>>>

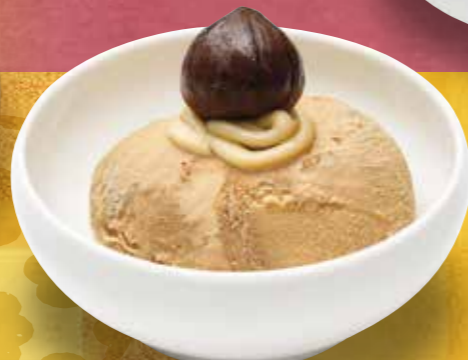
『二色アイス』 (渋皮栗×バナラ) 280円(税別) ■171kcal ■塩分/0.1g
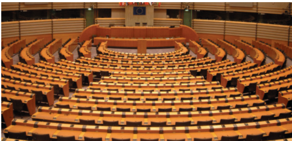
Sede del Parlamento europeo (Bruselas).
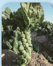
Хүнсний нийслэл хот

Тариалсан талбай 2022 оны байдлаар 31% Олон төрлийн цэцгийн сортоор алдартай
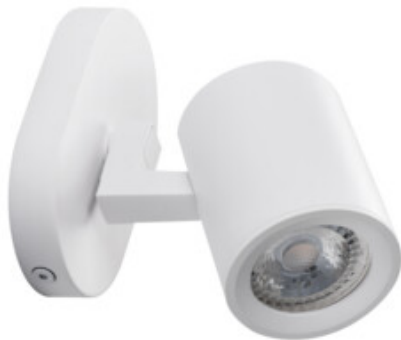
LAURIN EL-10 W
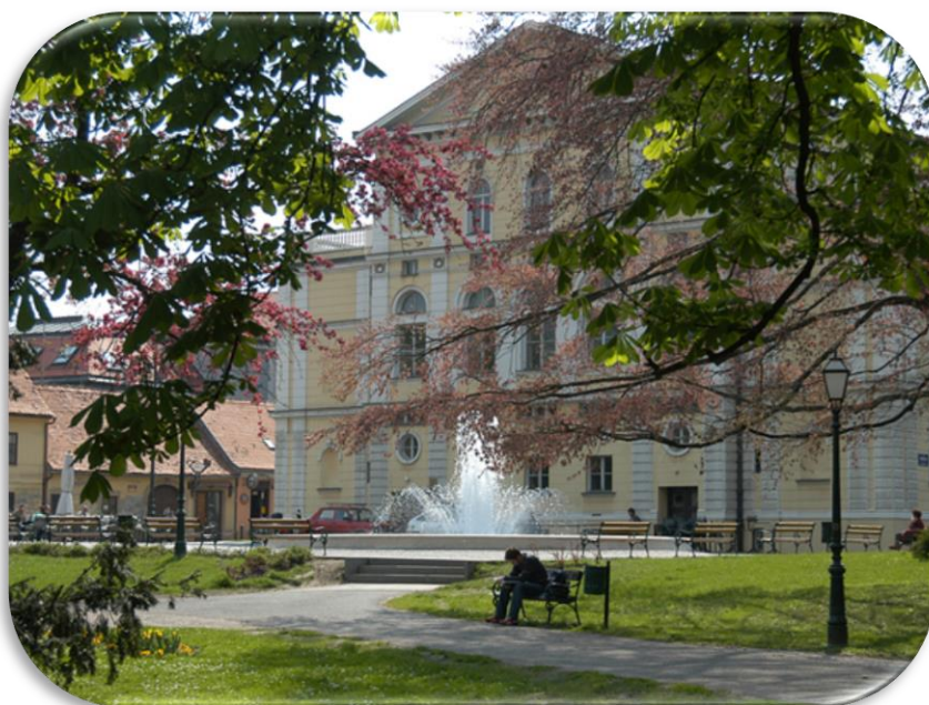
Slika 12: Hrvatsko narodno kazalište u Varaždinu zajedno s kružnom fontanom
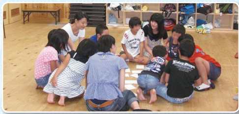
昔の生活や遊びをカードを使って子どもたちに伝えています (京都光華女子大学)
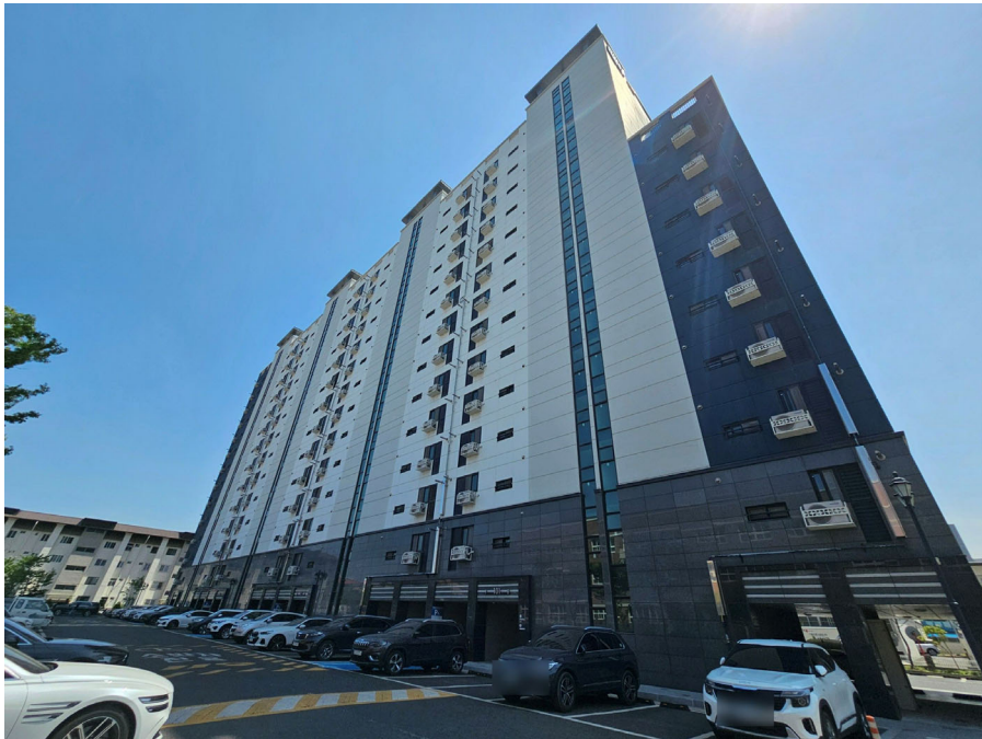
본건동 전경(북서측에서 촬영)
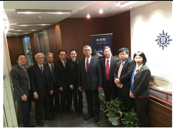
地中海郵輪公司全體留影
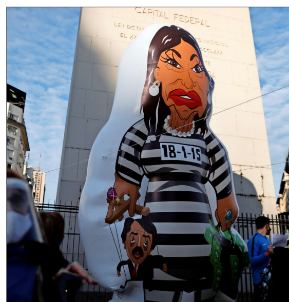
ALGUNOS MANIFESTANTES llevaron globos con caricaturas de la vicepresidenta Cristina Fernández. En la parte de abajo se ve un dibujo del Presidente.

Estados Unidos: George Floyd repitió 20 veces que no podía respirar
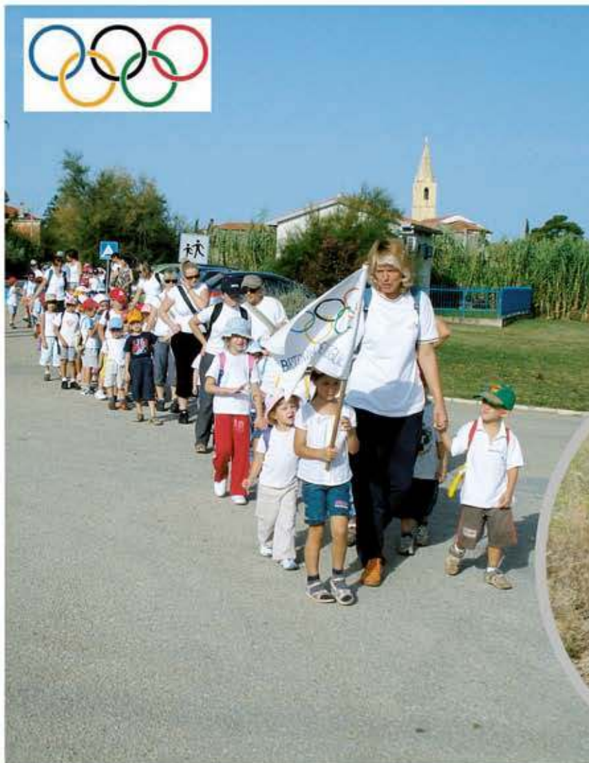
Sudjelovalo je oko osamdeset učesnika, a najmlađi je imao tek dvije i pol godine

organiziranjem aktivnosti koje traju najmanje 30 minuta, a poveznica je bijela majica koju nose svi učesnici aktivnosti. Naša je ustanova, zajedno sa HOŠ i TOŠ Buje područna škola Brtonigla organizirala pješački pohod "BRTONIGLA - M. MARZARI-BRACANIJA- KRŠIN- BRTONIGLA" U pohodu su učestvovali vrtičke skupine: Pčelice, Ribice, Orsetti, te učenici talijanske i hrvatske osnovne škole Brtonigla sa svojim odgojiteljicama, učiteljicama, medicinskom sestrom i trenerom. Sudjelovalo je oko 80 učesnika, a najmlađi je imao tek dvije i pol godine. Nakon duge šetnje odmorili smo se ispod ogromnih hrastova u Bracaniji (to vrijedi osjetiti i doživjeti!). Odmorni, još smo se malo spustili nizbrdo, pa opet popeli uzbrdo i stigli na ukusan ručak u "Verbaldu". Ponosni smo na ovaj naš pothvat jer znamo da to neće biti posljednji.
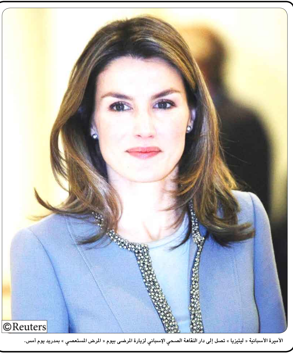
الأميرة الأسبانية « ليتيزيا » تصل إلى دار الرعاية الصحي الإسباني لزيارة المرضى بيوم « المرض المستعصي » بمدريد يوم أمس.

□ تعز/ نعام خالد: لم يتوقع سكان مديرية عسيفرة بتعز أن تكفي الفتاة (ت) أمها بثلاث طعانات غادرة كادت تودي بحياتها لولا مشيئة الله. فقد أثار هذا القضية استياء وحقن سكن المنطقة متساكين كيف يمكن لشخص أن يقدم على قتل من سهر عليه ورباه وتحمل مشاق العيش من أجله لأية أسباب مهما صغرت أو كبرت لا تعلمه الحق أو التبرير في ما أقدمت عليه الفتاة (ت) . وعلى اثر ذلك سارع رجال الامن إلى موقع الحادث وإلقاء القبض على الجانية وجمع الاستدالات من قبل شرطة عسيفرة وإحالتها إلى النيابة للتحقيق .
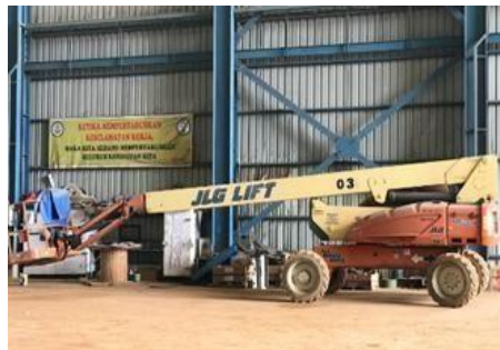
Gambar 1. 14. Main Lift
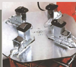
H912 (opcja) Zestaw adapterów motocyklowych 8"-23"

Oslony z tworzywa sztucznego stopy roboczej aby chronić powierzchnię obręczy ze stopów lekkich, pojemnik smaru z uchwytem, regulator ciśnienia powietrza, naolejacz powietrza, pistolet do pompowania z manometrem, łyżka do opon
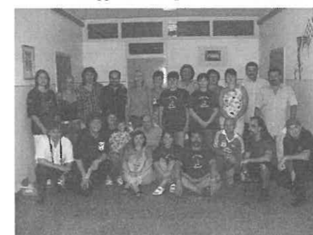
A Komorán és a Kobak tagjai.
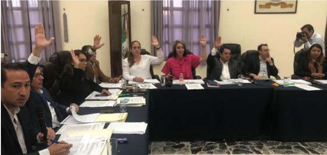
25 DE MARZO, SESION ORDINARIA 05
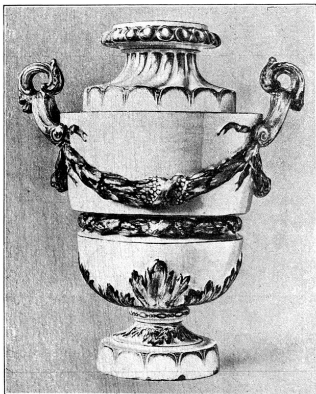
Abb. 2. Bemalte Fayencevase von Joh. Jak. Frey. Schweiz. Landesmuseum.

Es wird angenommen, die Herstellung seiner roten Farbe, die ihm eigen, zur Bemalung seiner Fayence, habe ihn mehr gekostet, als er ein-
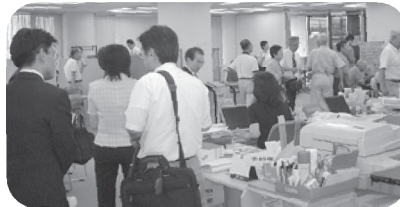
藤沢市市民活動推進センター (平成16年7月12日)
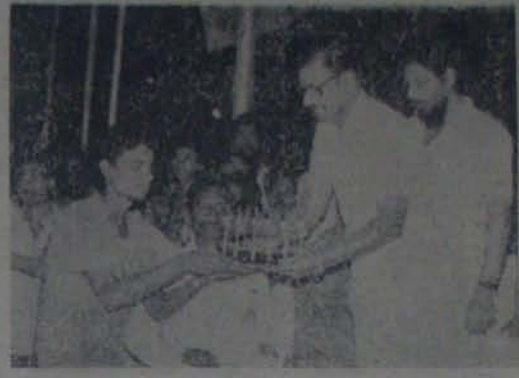
నెల్లూరులో జరిగిన ఎంపిక కార్యక్రమంలో పాల్గొన్న నెల్లూరు జిల్లా పరిషత్తు ఉపాధ్యక్షులు...
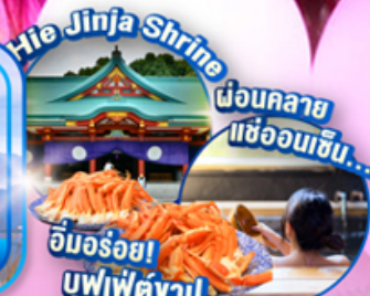
Hie Jinja Shrine
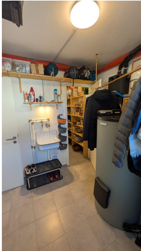
EG - Hausanschlussraum
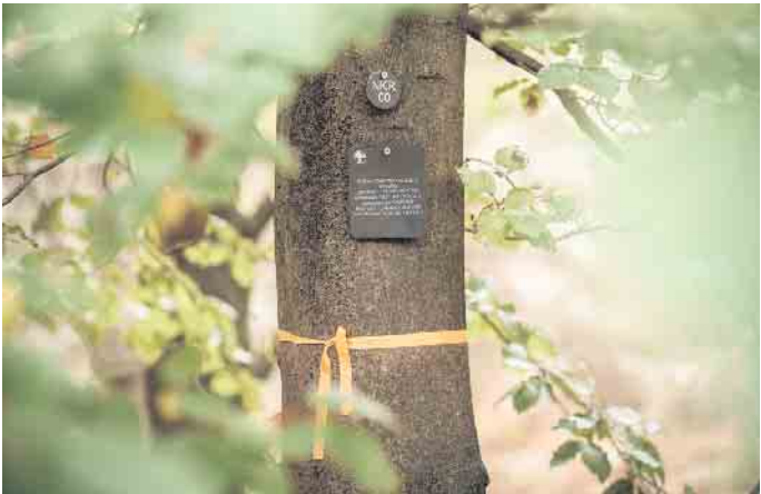
Ein Grab in einem Bestattungswald kann über die Baumnummer und eine Namenstafel gefunden werden.

nen selbst verfassten Brief an den Verstorbenen vor. Kinder finden die Idee, diesem Menschen eine Umarmung durch den Baum zu schicken, oft sehr nachvollziehbar. (djd)
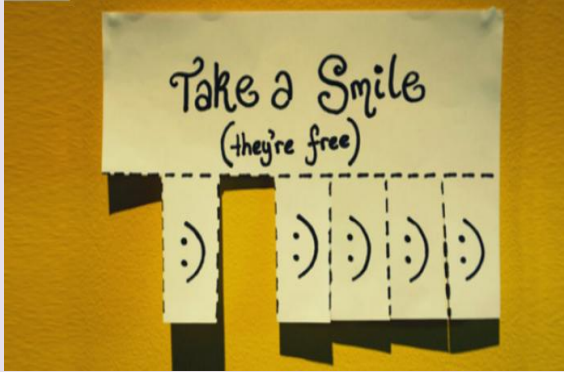
«Λορέν Χαμόγελο»: Πιάσε μολύβι καλά! Κάνε πολλά! Πάρε ένα! Δόσε σε καθένα!!!
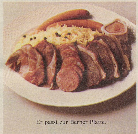
Er passt zur Berner Platte.
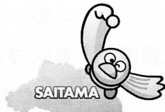
彩の国マスコット 「コバトン」

児童福祉担当課(子供についての相談) 保健センター (子育てなどの相談) 教育委員会 (子育てなどの相談)
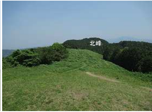
展望台から北北東に北峰を望む。
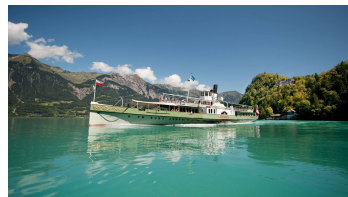
brienzersee-schiffahrt-sommer-loetschberg-dampfschiff-giessbach
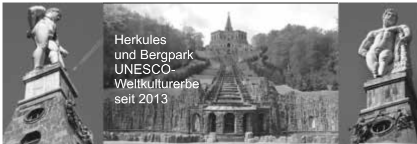
Herkules und Bergpark UNESCO- Weltkulturerbe seit 2013
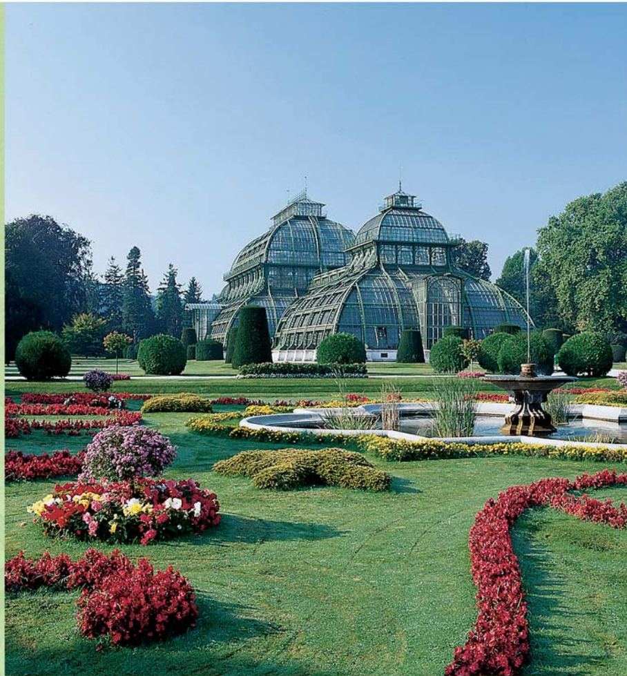
A pálmaház Palmárium

V desertáriu, nacházejícím se v bývalém Domě se slunečními hodinami z let 1904-05, spatříte faunu a flóru z pouští z celého světa.
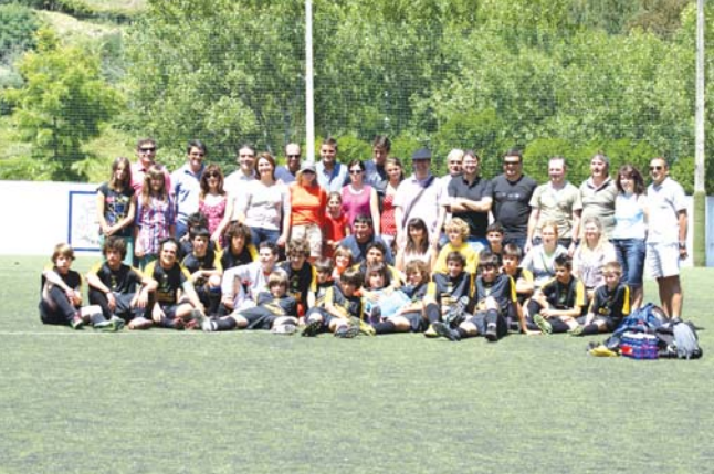
Foto relativa ao jogo amigável entre o C.D. CERVEIRA e o A.C. MALVEIRA, em iniciados, no dia 11 de junho de 2011, no campo desta última simpática agremiação desportiva, que os cerveirenses venceram por 3-1.

Ao que se verifica, este acontecimento desportivo está a despertar um certo interesse nos participantes.
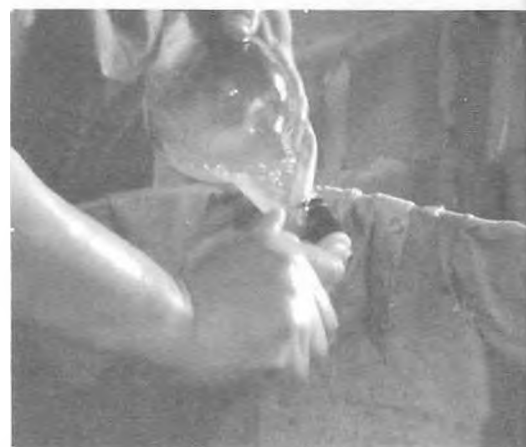
Lavado de botellas y retirado de etiquetas, etapa de agregado de valor.

Fondo documental Taller de Diseño Industrial IV-B. Agosto 2005.
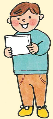
だい 大ちゃん 歴史好きのしっかり者。
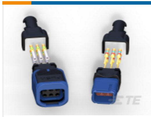
TE 产品编号YD369-P99-BP3-0000 369 9 WAY PLUG, 20/22 CONTACTS, PIN
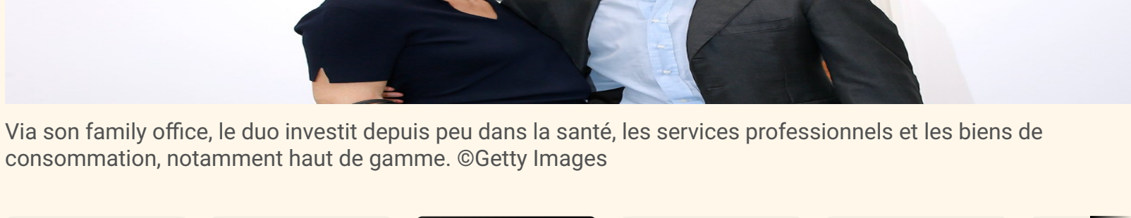
Via son family office, le duo investit depuis peu dans la santé, les services professionnels et les biens de consommation, notamment haut de gamme.
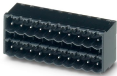
La figura illustra la variante a 10 poli con 20 contatti

Preso base per circuiti stampati, sezione nominale: 2,5 mm 2 , colore: nero, corrente nominale: 12 A, tensione di dimensionamento (III/2): 320 V, superficie contatti: Sn, tipo di connessione del contatto: Spina, numero dei potenziali: 34, numero di file: 2, numero poli: 17, numero di connessioni: 34, serie di prodotti: CCDN 2,5/..-G1-THR, passo: 5,08 mm, montaggio: Saldatura TTHR / ad onde, layout pin: Pinning lineare, lunghezza pin [P]: 2,6 mm, numero di pin di saldatura per potenziale: 1, sistema di spine: COMBICON FKCN 2,5 – CCDN 2,5, Orientamento pin d'inserimento: Standard, bloccaggio: assente, tipo di fissaggio: assente, tipo di confezione: confezionato nel cartone
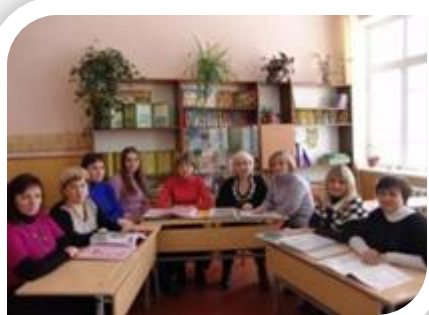
Майстер емоцій і настроїв
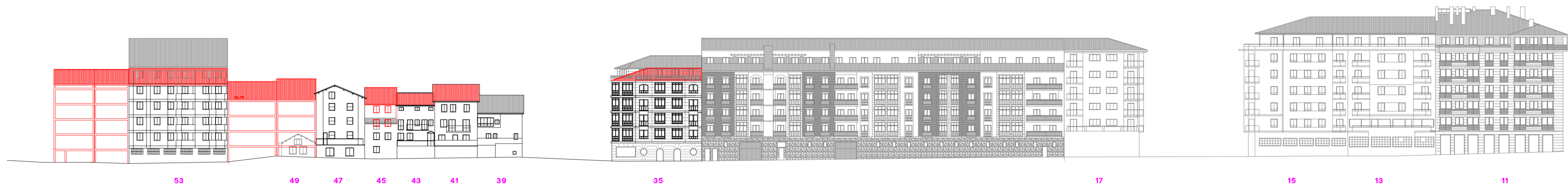
cota 100 alzado trasero impares
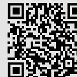
Nikki Beach Mallorca
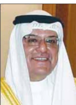
الشيخ حمد سالم الحمود

هنا محافظ الأحمدى الشيخ حمد سالم الحمود، الشيخ أحمد العبدالله بصدر الأمر الأميري بتعيينه رئيساً لمجلس الوزراء، وتكليفه بترشيح أعضاء الحكومة الجديدة. وقال المحافظ في برقية، يطيب لي وبمناسبة الثقة
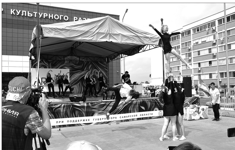
Акробатические фигуры и элементы паркура сопровождали танцевальной поддержкой на церемонии открытия фестиваля.
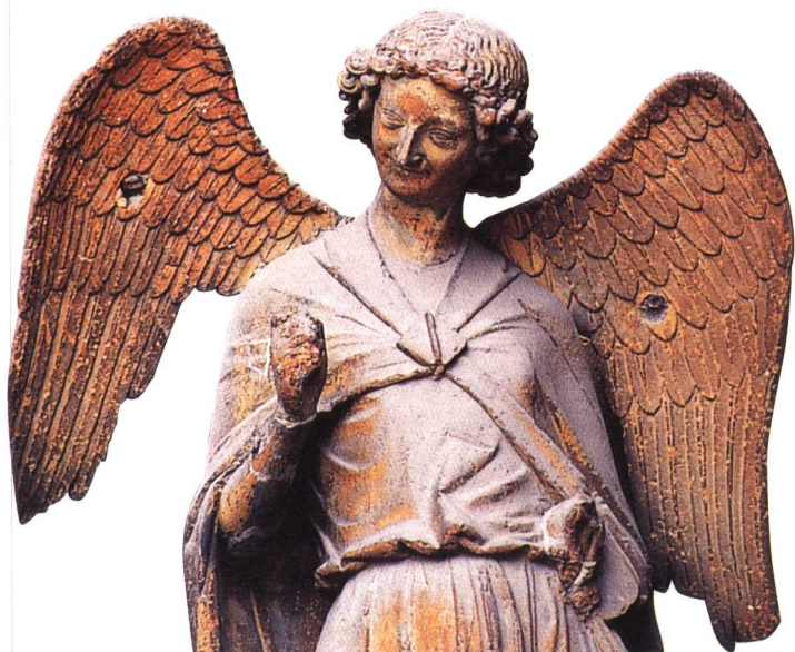
→ 兰斯大教堂西正面的微笑天使。

古老的基督信仰，影响力无远弗届。欧洲的教堂正是上帝与当地子民的界面，说着不同语言的欧洲基督徒在信仰中合一，甚

<<<

* **PROBLEM DESCRIPTION**
Copy word for word the lines of the records above from the one with "昔の生活や遊びをカードを使って子どもたちに伝えています (京都光華女子大学)" up to and including the one with "H912 (opcja) Zestaw". Skip the pictures.

* **TASK RESULT**
昔の生活や遊びをカードを使って子どもたちに伝えています (京都光華女子大学)
본건동 전경(북서측에서 촬영)
地中海郵輪公司全體留影
ALGUNOS MANIFESTANTES llevaron globos con caricaturas de la vicepresidenta Cristina Fernández. En la parte de abajo se ve un dibujo del Presidente.

Estados Unidos: George Floyd repitió 20 veces que no podía respirar
Sudjelovalo je oko osamdeset učesnika, a najmlađi je imao tek dvije i pol godine

organiziranjem aktivnosti koje traju najmanje 30 minuta, a poveznica je bijela majica koju nose svi učesnici aktivnosti. Naša je ustanova, zajedno sa HOŠ i TOŠ Buje područna škola Brtonigla organizirala pješački pohod "BRTONIGLA - M. MARZARI-BRACANIJA- KRŠIN- BRTONIGLA" U pohodu su učestvovali vrtičke skupine: Pčelice, Ribice, Orsetti, te učenici talijanske i hrvatske osnovne škole Brtonigla sa svojim odgojiteljicama, učiteljicama, medicinskom sestrom i trenerom. Sudjelovalo je oko 80 učesnika, a najmlađi je imao tek dvije i pol godine. Nakon duge šetnje odmorili smo se ispod ogromnih hrastova u Bracaniji (to vrijedi osjetiti i doživjeti!). Odmorni, još smo se malo spustili nizbrdo, pa opet popeli uzbrdo i stigli na ukusan ručak u "Verbaldu". Ponosni smo na ovaj naš pothvat jer znamo da to neće biti posljednji.
الأميرة الأسبانية « ليتيزيا » تصل إلى دار الرعاية الصحي الإسباني لزيارة المرضى بيوم « المرض المستعصي » بمدريد يوم أمس.

□ تعز/ نعام خالد: لم يتوقع سكان مديرية عسيفرة بتعز أن تكفي الفتاة (ت) أمها بثلاث طعانات غادرة كادت تودي بحياتها لولا مشيئة الله. فقد أثار هذا القضية استياء وحقن سكن المنطقة متساكين كيف يمكن لشخص أن يقدم على قتل من سهر عليه ورباه وتحمل مشاق العيش من أجله لأية أسباب مهما صغرت أو كبرت لا تعلمه الحق أو التبرير في ما أقدمت عليه الفتاة (ت) . وعلى اثر ذلك سارع رجال الامن إلى موقع الحادث وإلقاء القبض على الجانية وجمع الاستدالات من قبل شرطة عسيفرة وإحالتها إلى النيابة للتحقيق .
Gambar 1. 14. Main Lift
H912 (opcja) Zestaw adapterów motocyklowych 8"-23"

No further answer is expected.